Stored entries
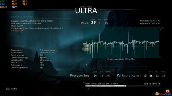 在极致画质下,平均帧数只有39帧,1066需要玩家在帧数与画面这两方面做出取舍。
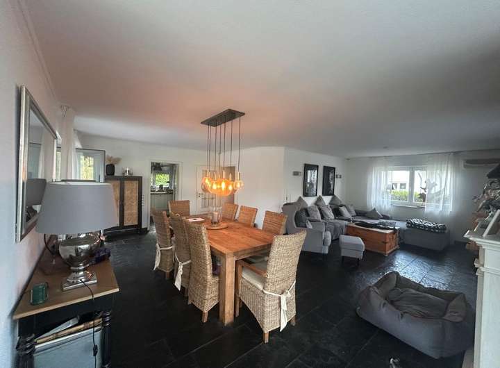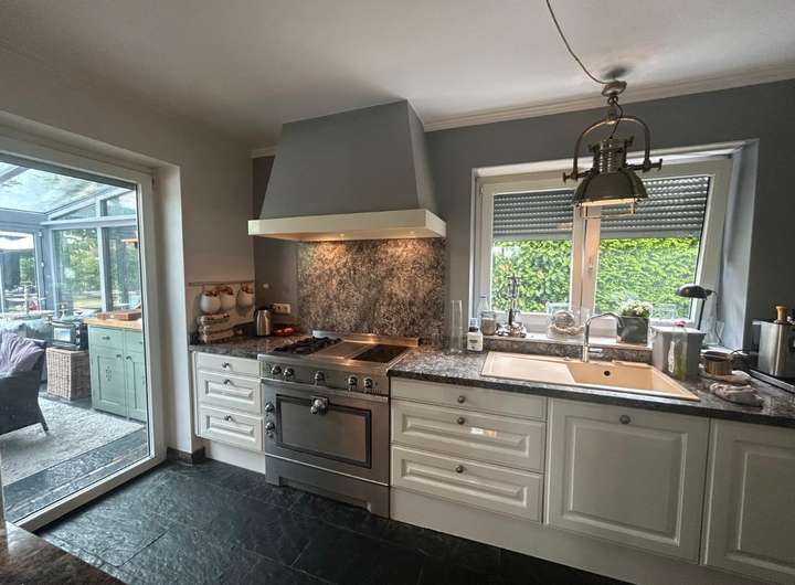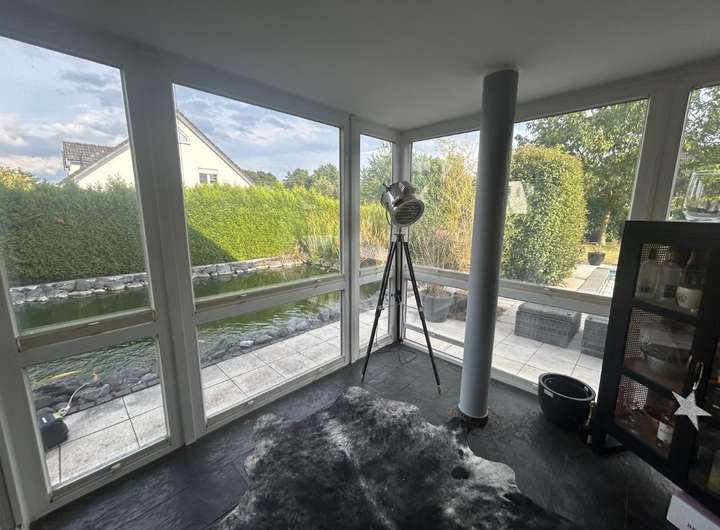 Im Erdgeschoss erwartet Sie ein großzügiger Wohn- und Essbereich mit herrlichem Blick auf den großen Teich.Die hochwertige Küche mit angrenzendem Wintergarten mit Fußbodenheizung und praktischer Hauswirtschaftsraum lassen keine Wünsche offen. Vom Wohnzimmer aus gelangen Sie direkt auf die weitläufige Terrasse - perfekt, um den Feierabend zu genießen.
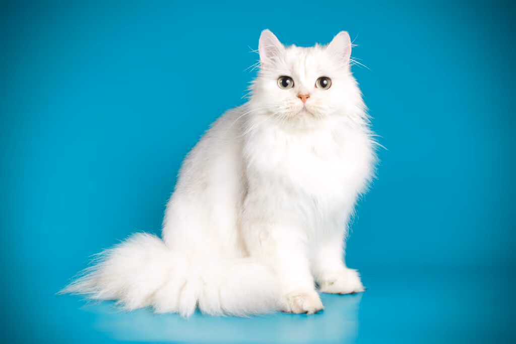 De origem russa, o siberiano é um gato forte, de porte médio a grande, adaptado a regiões frias. A pelagem branca é longa, espessa e impermeável, exigindo escovação regular. É um felino ativo, curioso e muito inteligente, que se adapta bem a diferentes ambientes. Apesar da energia, demonstra carinho e cria laços profundos com o tutor.
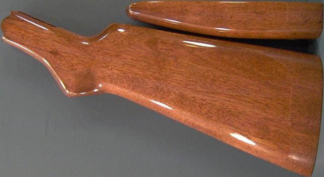 The photos below show the stock and forend after 10 applications of Minwax Wipe-On Poly Clear Gloss Polyurethane sanding lightly between coats with 800 grit sandpaper and synthetic wool:
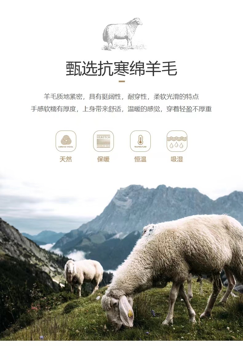 4.绵羊毛,天然的动物毛纤维,珍贵稀少,天然环保,锁住温度,柔软亲肤,轻薄舒适。

» **Aim of the task**
The answer must consist of the entries above, reproduced word for word, without any pictures.

» **Worked solution**
 在极致画质下,平均帧数只有39帧,1066需要玩家在帧数与画面这两方面做出取舍。
 Im Erdgeschoss erwartet Sie ein großzügiger Wohn- und Essbereich mit herrlichem Blick auf den großen Teich.Die hochwertige Küche mit angrenzendem Wintergarten mit Fußbodenheizung und praktischer Hauswirtschaftsraum lassen keine Wünsche offen. Vom Wohnzimmer aus gelangen Sie direkt auf die weitläufige Terrasse - perfekt, um den Feierabend zu genießen.
 De origem russa, o siberiano é um gato forte, de porte médio a grande, adaptado a regiões frias. A pelagem branca é longa, espessa e impermeável, exigindo escovação regular. É um felino ativo, curioso e muito inteligente, que se adapta bem a diferentes ambientes. Apesar da energia, demonstra carinho e cria laços profundos com o tutor.
 The photos below show the stock and forend after 10 applications of Minwax Wipe-On Poly Clear Gloss Polyurethane sanding lightly between coats with 800 grit sandpaper and synthetic wool:
 4.绵羊毛,天然的动物毛纤维,珍贵稀少,天然环保,锁住温度,柔软亲肤,轻薄舒适。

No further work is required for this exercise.